News

OL exam needs to be re-examined

By Kumudini Hettiarachchi

An item analysis carried out by the Department of Examinations indicates 15% could not get a simple subtraction right in the first question of the mathematics paper at the GCE O/L examination last year.
Even the number of students who got nine straight As has dropped to 2,038 (0.75%) in 2009 when compared to 2008 which had 2,075, explained Commissioner-General Edirisinghe.

Such results should shake the Education Ministry to take a deep and hard look at what has gone wrong, educationists stressed. When asked, Mr. Edirisinghe agreeing says that the authorities need to take a look at the syllabi, the textbooks and also teacher training.

Explaining that the government is giving so much for education such as free schooling, free textbooks, free uniform materials and even free meals in some schools, with 2.9% of the GDP being spent on this crucial sector, he says there seems to be a need for a drastic change at the periphery as 4/5th of the schools come under the provincial councils.

The classroom needs to get back to the position it held in the past - a place where the child not only receives knowledge but also develops a well-rounded character. Now knowledge, just one component of a rounded child, is being provided at tuition classes. "School and not the tuition class must be made important with the teachers not just doing a job but a respected vocation," he said.

Referring to the wide and vast syllabi of all subjects the students have to grapple with, the Commissioner-General recommends that as the OL is a basic examination, they should be cut at least by one third or even one half.

Another progressive step would be to identify the varying talents and capabilities of students around Grade 7 or 8 and develop those through vocational training so that these children will have a skill to get employment, Mr. Edirisinghe said.

Otherwise, children who are good at singing, art, debating, electrical work, masonry, carpentry, etc. have no way to develop such abilities. Automatic promotions in schools push them up and up whether or not they can manage other subjects such as mathematics and language and once they sit for their OLs they are stranded with a "certificate" showing huge failure, the Sunday Times understands.

If, Idiri Dekama under the Mahinda Chinthanaya is to succeed, vocational training and alternative lessons must be introduced, adds Mr.
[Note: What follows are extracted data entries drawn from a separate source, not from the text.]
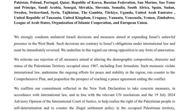 بيان دولي مشترك يندد بالقرارات الإسرائيلية الأخيرة في الضفة الغربية ويؤكد رفض أي ضم أحادي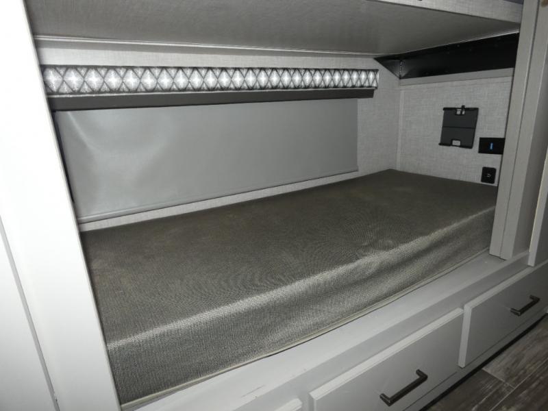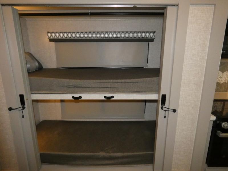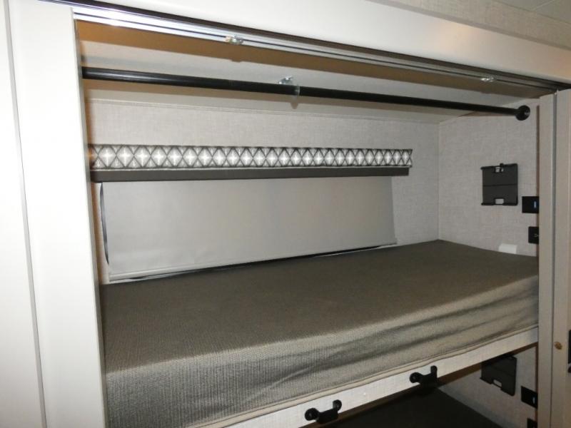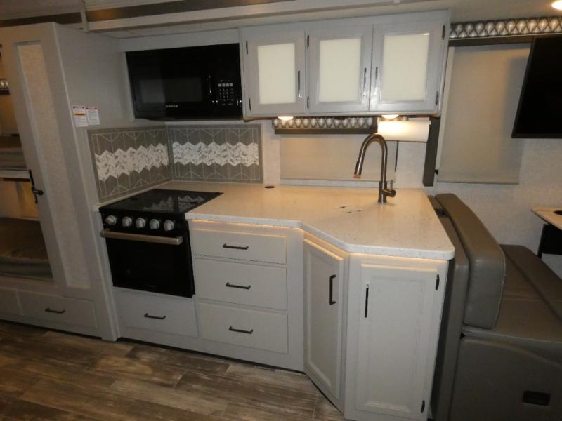 This is the family-friendly coach you've been searching for! You'll find a drop-down overhead bunk, plus bunk beds across from the full bath for convenience. The rear bedroom will feel just like home with its king bed, 32" bedroom TV, and a closet for your clothes. Additional sleeping is found on the sofa bed and the Dream Dinette, and the full-wall slide will let everyone stretch out. The chef of the group can prepare meals on the three burner gas cooktop or in the 30" over-the-range, plus this model includes an outdoor kitchen with a refrigerator and a sink for added convenience. Add that with the exterior 32" TV and you'll be the life of the campground!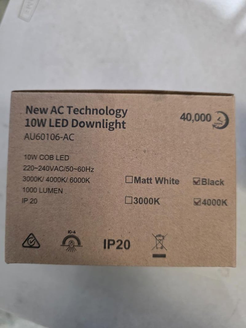 RRP $1,240 Combined, Vertex 10W LED Downlight 4000K 90mm Anti Glare BlackQTY: 20pcsMODEL: CS-OP-AU60106-AC-BL-10W-4000KPRODUCT DIMENSIONS: 104mm x 60mm
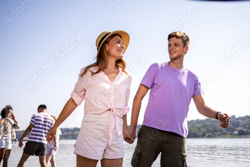 Young couple walking by the sea

Edirisinghe.

Father allegedly answers daughter's paper

The incidents of malpractice during the O/L examination held in December 2009 have hit 1,600, about 600 more than last year, the Sunday Times learns.

Such incidents range from copying, bringing study notes into the examination hall, impersonation, use of bogus identity cards to assault, intimidation and harassment of other students and wilfully ignoring the supervisors.

Around 1,000 have already been dealt with but 600 may require sterner action such as cancelling the results of the miscreants and barring them from sitting the OL for a few years or even blacklisting them forever, Commissioner-General Anura Edirisinghe says.

There have also been investigations against 15 examinations staff, it is understood. Citing one involving not only a student, but her father who is a teacher and principal, Mr. Edirisinghe says the department had not experienced such a "conspiracy" to allegedly cheat at the exam before.

Three months before the examination, on the pretext of teacher harassment, the student who was in a well-known girls' school in Colombo had faked a suicide attempt. Then her father had appealed for a change in the centre, to one closer to her home. The request had been granted on humanitarian grounds.

Without the knowledge of the Exams Department, the girl had then sat the exam at the centre where allegedly her father's friend was the supervisor with her father too wearing an "official" badge moving in and out of the exam hall, taking the question paper out, answering it and bringing it back to his daughter.
On a tip-off, the Investigations Unit of the department had rushed there to initiate inquires.

Revision can go either way

Nine percent of the students usually apply for re-scrutiny of their answer scripts, it is learnt. Dispelling speculation that only the marks are re-added, the Commissioner General explains that the purpose of re-scrutiny is to evaluate answers or parts of answers not evaluated properly and to correct any errors in computation.

However, he cautions that after re-scrutiny, the result of the student may see "either an upward revision or a downward revision of marks and grades".